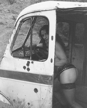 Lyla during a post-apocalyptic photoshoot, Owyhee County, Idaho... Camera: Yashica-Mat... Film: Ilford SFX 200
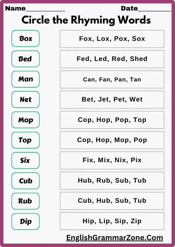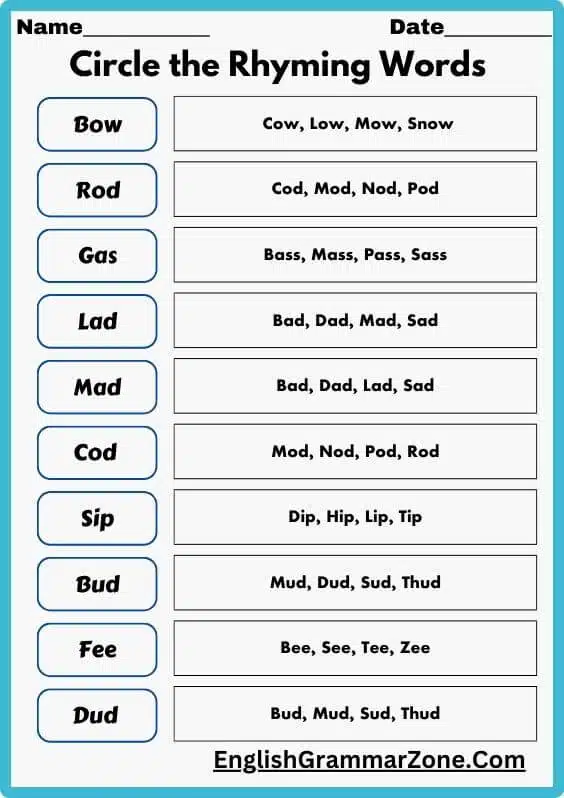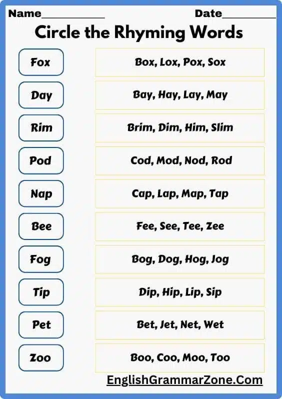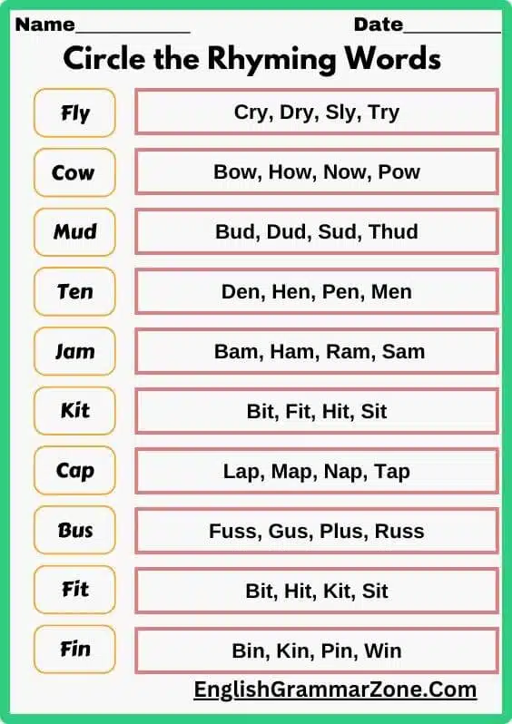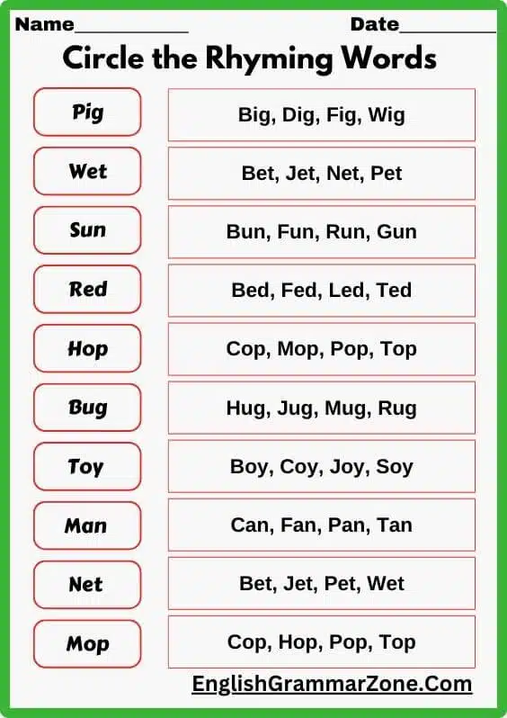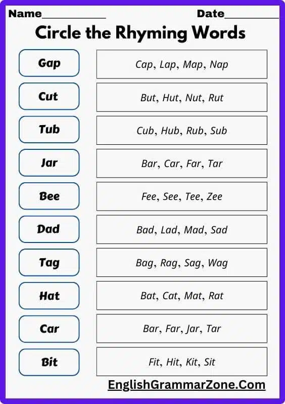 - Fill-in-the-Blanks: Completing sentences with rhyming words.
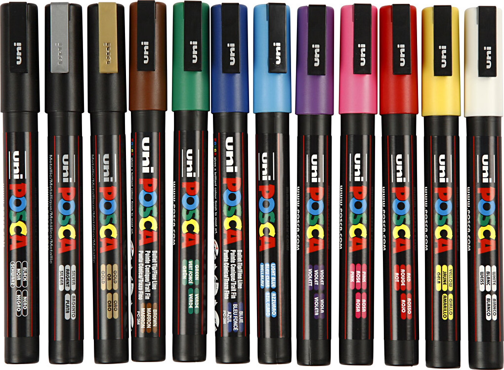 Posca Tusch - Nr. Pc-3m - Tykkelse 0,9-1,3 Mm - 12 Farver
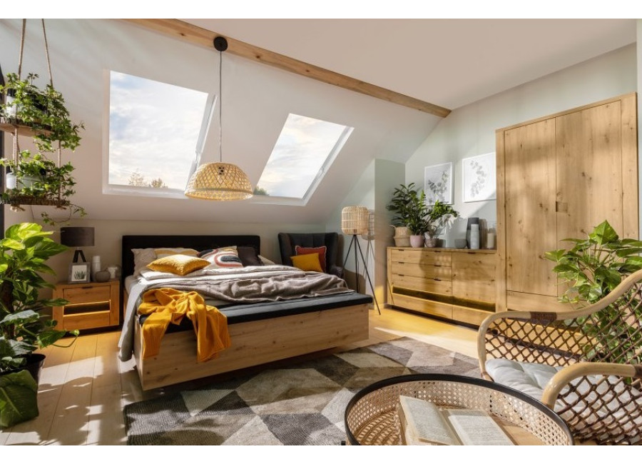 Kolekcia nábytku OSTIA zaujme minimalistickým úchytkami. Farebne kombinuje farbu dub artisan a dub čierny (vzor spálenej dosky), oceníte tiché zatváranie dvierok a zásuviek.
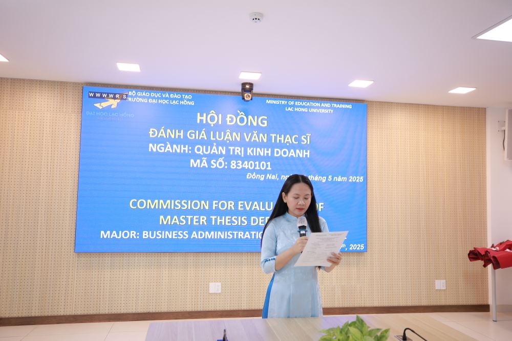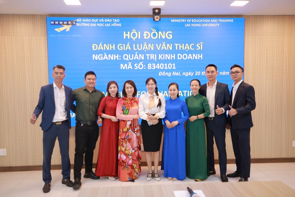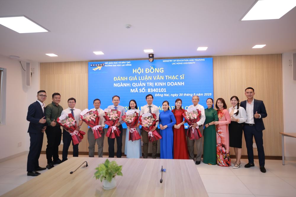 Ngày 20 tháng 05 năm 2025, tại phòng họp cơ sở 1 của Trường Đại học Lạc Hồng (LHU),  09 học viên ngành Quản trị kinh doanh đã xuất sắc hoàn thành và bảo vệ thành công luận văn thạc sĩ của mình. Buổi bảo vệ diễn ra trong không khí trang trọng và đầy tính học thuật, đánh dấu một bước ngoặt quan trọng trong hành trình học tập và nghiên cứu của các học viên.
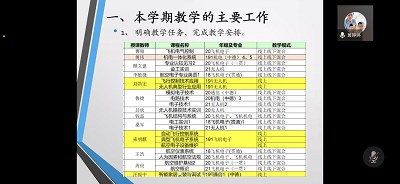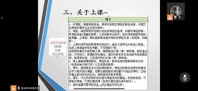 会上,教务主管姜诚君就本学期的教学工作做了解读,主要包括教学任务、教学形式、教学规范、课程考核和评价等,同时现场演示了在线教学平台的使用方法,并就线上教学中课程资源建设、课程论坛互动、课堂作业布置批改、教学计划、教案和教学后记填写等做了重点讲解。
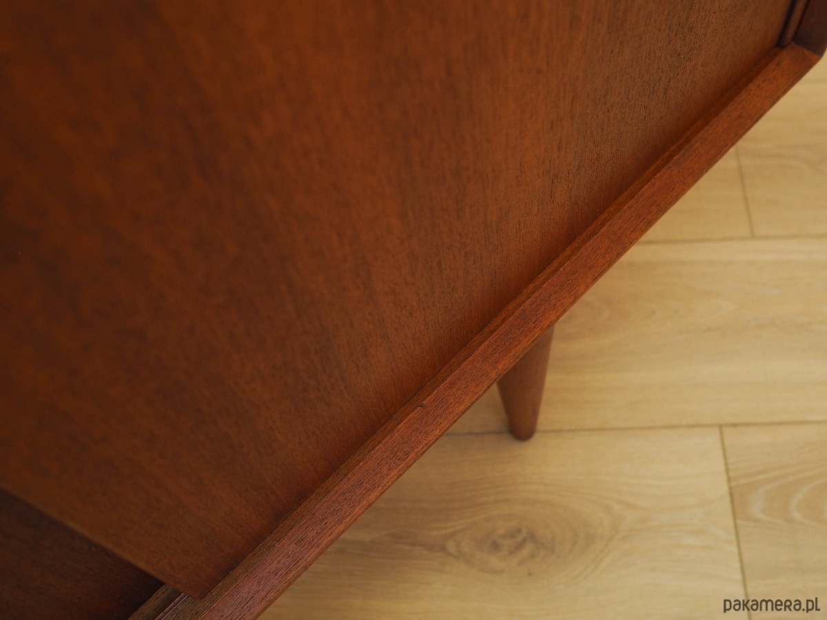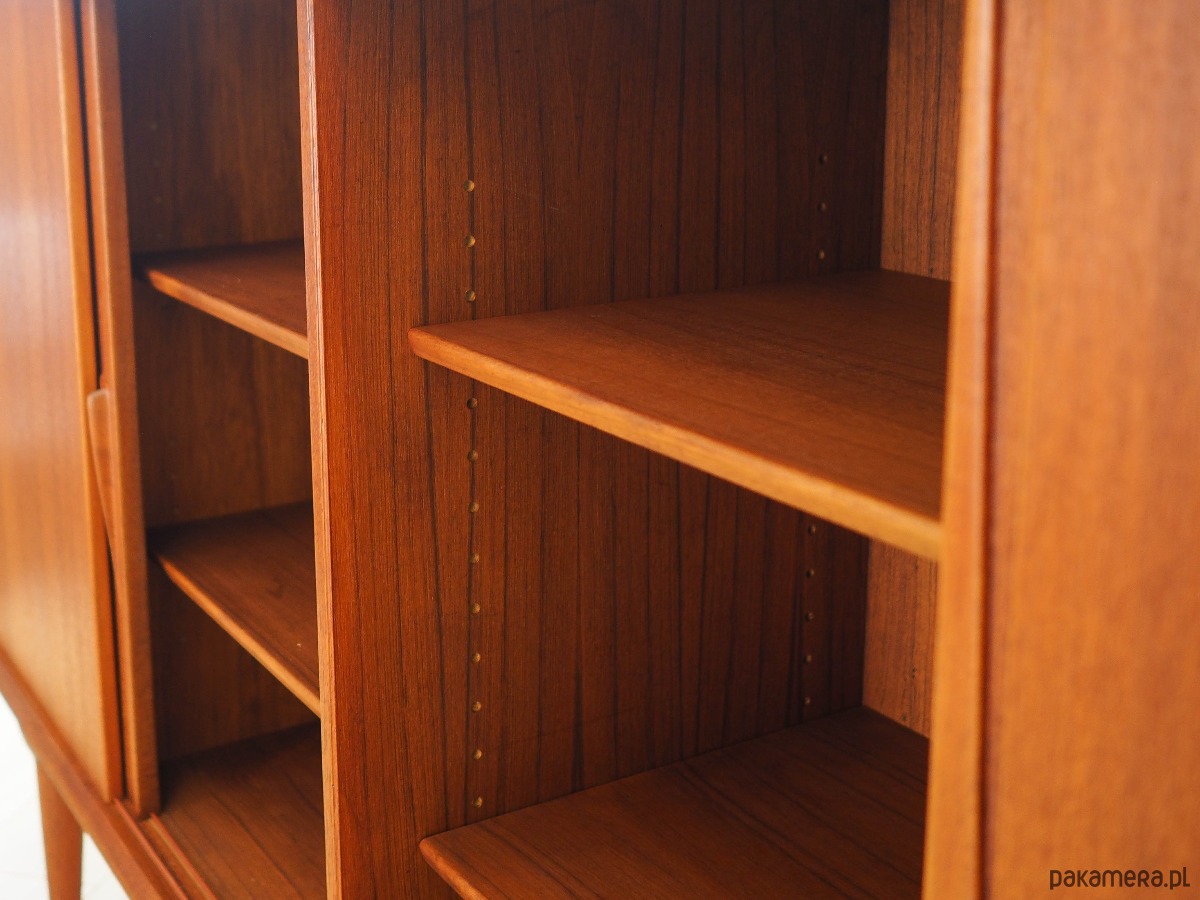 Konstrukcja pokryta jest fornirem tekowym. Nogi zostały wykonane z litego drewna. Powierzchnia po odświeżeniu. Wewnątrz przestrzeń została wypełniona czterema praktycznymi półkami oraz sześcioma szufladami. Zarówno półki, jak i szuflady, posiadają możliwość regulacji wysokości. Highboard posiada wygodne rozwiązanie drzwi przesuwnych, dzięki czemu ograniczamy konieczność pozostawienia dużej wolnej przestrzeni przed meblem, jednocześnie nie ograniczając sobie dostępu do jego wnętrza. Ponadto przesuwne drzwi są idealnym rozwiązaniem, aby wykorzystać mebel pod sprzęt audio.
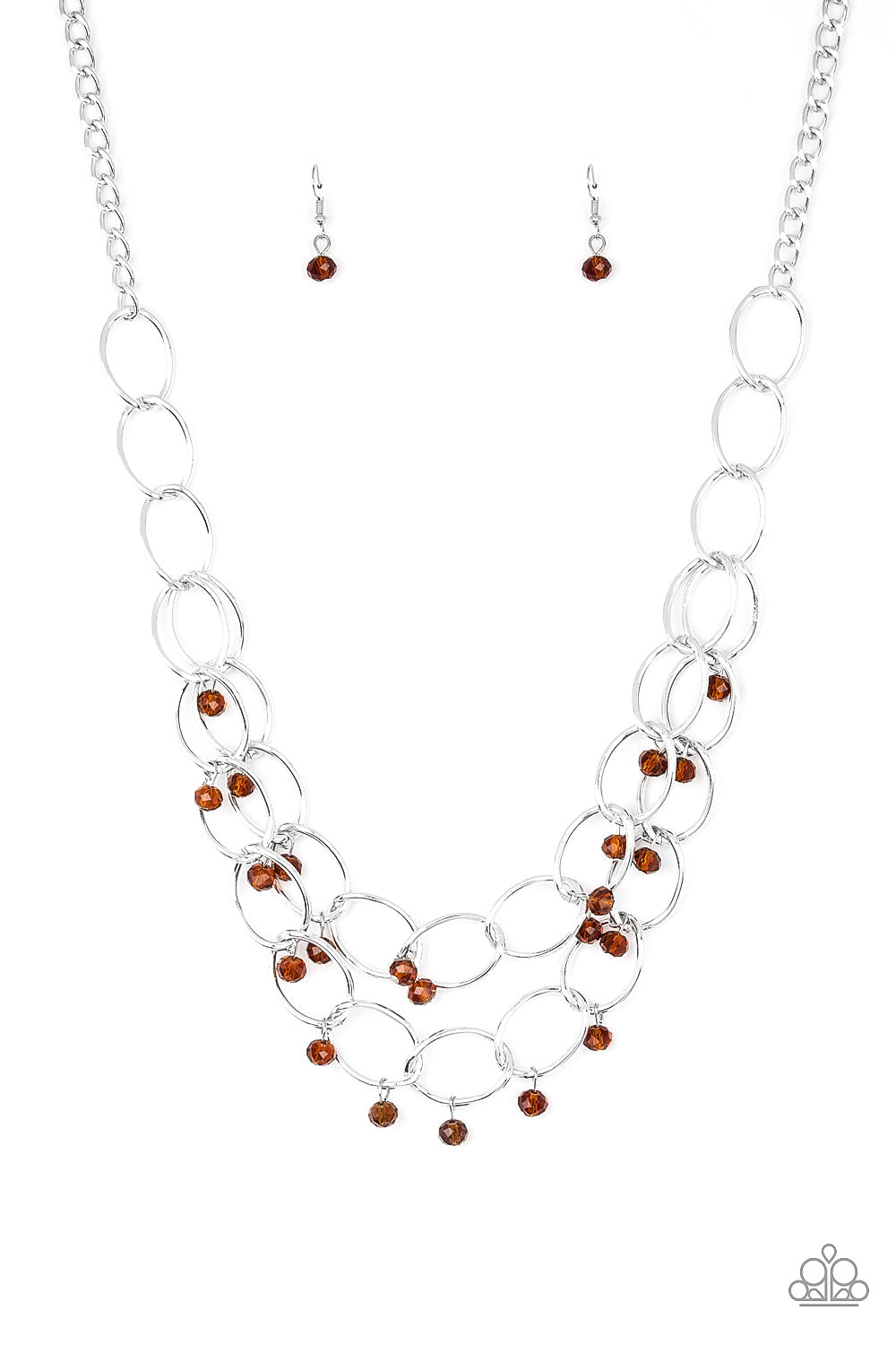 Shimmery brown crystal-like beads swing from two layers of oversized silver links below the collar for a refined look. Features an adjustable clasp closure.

━━━━━━━━━━━━━━━━━━━━

**Brief**: Go from the first line of the listing to the line holding "Posca Tusch - Nr." and, please, transcribe those lines exactly, both included, with no pictures.

**Solution below**:
 Lyla during a post-apocalyptic photoshoot, Owyhee County, Idaho... Camera: Yashica-Mat... Film: Ilford SFX 200
 - Fill-in-the-Blanks: Completing sentences with rhyming words.
 Posca Tusch - Nr. Pc-3m - Tykkelse 0,9-1,3 Mm - 12 Farver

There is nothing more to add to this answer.